I am a non-mathematical R programmer who is completely new to the idea of scoring rules. I would like to start using them instead of classification evaluation measures like accuracy and recall, which I have recently learned are improper in terms of scoring rules. (See comments on my question Appropriate naive benchmark for class recall in binary classification for unbalanced dataset)

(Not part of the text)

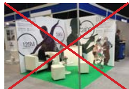
Do simple bold graphics
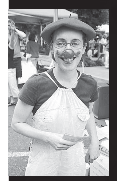
Bastille Day Festival July 10

On one hand, it is easy to use my existing knowledge to compare models: the model with the better score (which could be high or low, depending on the scoring rule) is preferred to the other. On the other hand, a key aspect that I am missing is the notion of a benchmark of what is a good predictive model on its own without reference to other models. By comparison, when I use accuracy as a measure for classification, for a model to be considered good or useful, it must have an accuracy higher than the prevalence of the modal (most frequent) class. For instance, if there are classes A (25%), B (40%) and C (35%), then a good model must have an accuracy superior to 40%. However, I have not found any explanation of any strictly proper scoring rule that provides either such a comparable benchmark for evaluating if a score, on its own without reference to the scores of other models, is "good" or "useful".
Since the most popular scoring rules seem to be Brier (quadratic), logarithmic and spherical, could someone please give me the baseline naive benchmarks for evaluating models scored by each of these rules? (Benchmarks for other good rules would also be welcome.) And very importantly, could you please give a non-mathematical, intuitive explanation for each of these benchmarks?
Examples of the kinds of explanations I am looking for:
- For classification accuracy, the benchmark is the prevalence of the modal class because a naive classifier could attain that accuracy by simply classifying all observations to the modal class (like 40%) in the example above.
- For numeric predictions in regression, the benchmark for root square mean error (RMSE) as an error measure is the standard deviation (SD) because RMSE is the standardized variation around the prediction whereas SD is the natural standardized variation of the target variable around its mean, with an analogous mathematical formula.
Equations are fine in your explanation, but please also give the explanation in intuitive words because I do not understand complex mathematical equations.